130

I need to split my data into a training set (75%) and test set (25%). I currently do that with the code below:

X, Xt, userInfo, userInfo_train = sklearn.cross_validation.train_test_split(X, userInfo)   

However, I'd like to stratify my training dataset. How do I do that?
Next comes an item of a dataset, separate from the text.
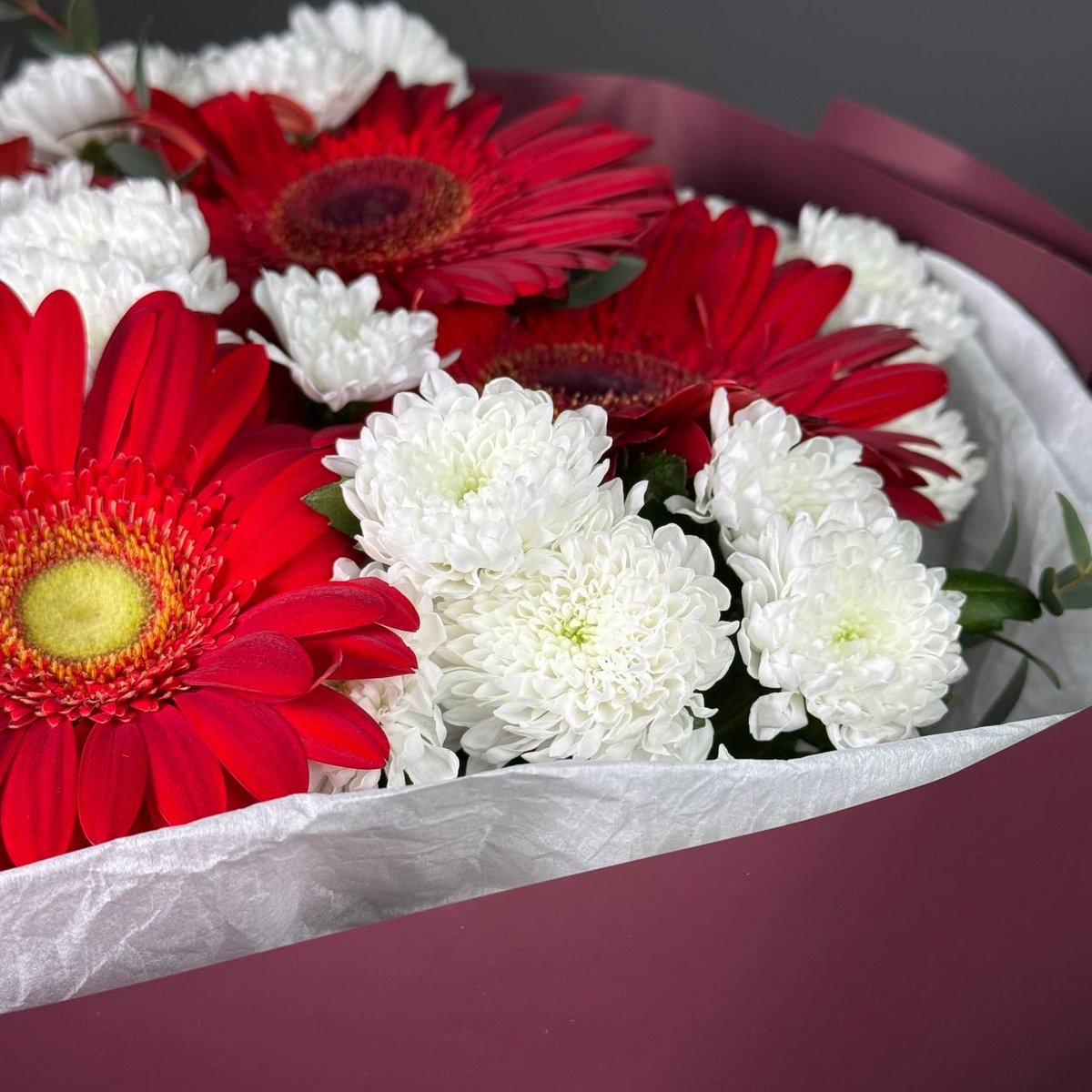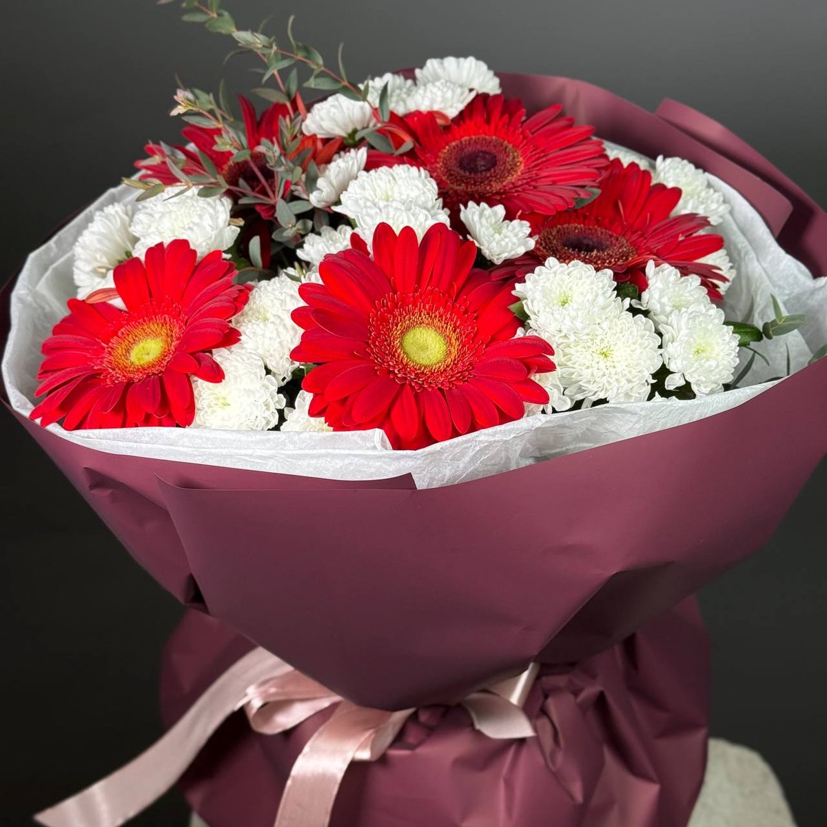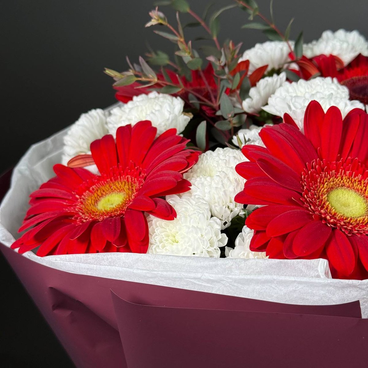 Яркий и уверенный букет, который сразу притягивает взгляд. Сочные красные герберы в сочетании с белыми хризантемами создают эффект праздничного настроения и чистой энергии. Такой букет выбирают, когда хочется порадовать маму, поздравить близкого человека или сделать момент особенным. Стильный, заметный и очень живой — он точно вызовет улыбку.

I've been looking into the StratifiedKFold method, but doesn't let me specifiy the 75%/25% split and only stratify the training dataset.

pir
  • 5,513
  • 12
  • 63
  • 101

9 Answers9

230

[update for 0.17]

See the docs of sklearn.model_selection.train_test_split:

from sklearn.model_selection import train_test_split
X_train, X_test, y_train, y_test = train_test_split(X, y,
                                                    stratify=y, 
                                                    test_size=0.25)

[/update for 0.17]

There is a pull request here. But you can simply do train, test = next(iter(StratifiedKFold(...))) and use the train and test indices if you want.

Martin Thoma
  • 124,992
  • 159
  • 614
  • 958
Andreas Mueller
  • 27,470
  • 8
  • 62
  • 74
  • 1
    @AndreasMueller Is there an easy way to stratify regression data? – Jordan Sep 14 '16 at 09:53
  • 4
    @Jordan nothing is implemented in scikit-learn. I don't know of a standard way. We could use percentiles. – Andreas Mueller Sep 14 '16 at 20:15
  • @AndreasMueller Have you ever seen the behavior where this method is considerably slower than the StratifiedShuffleSplit? I was using the MNIST dataset. – psiyumm Oct 15 '17 at 06:06
  • @activatedgeek that seems very weird, as train_test_split(...stratify=) is just calling StratifiedShuffleSplit and taking the first split. Feel free to open an issue on the tracker with a reproducible example. – Andreas Mueller Oct 15 '17 at 13:58
  • @AndreasMueller I actually didn't open an issue because I have a strong feeling I am doing something wrong (even though it is just 2 lines). But if I am still able to reproduce it today multiple times, I'll do that! – psiyumm Oct 15 '17 at 18:54
  • Missed this completely. Made life easier. – Mohith7548 Mar 24 '21 at 07:27
38

You can simply do it with train_test_split() method available in Scikit learn:

from sklearn.model_selection import train_test_split 
train, test = train_test_split(X, test_size=0.25, stratify=X['YOUR_COLUMN_LABEL']) 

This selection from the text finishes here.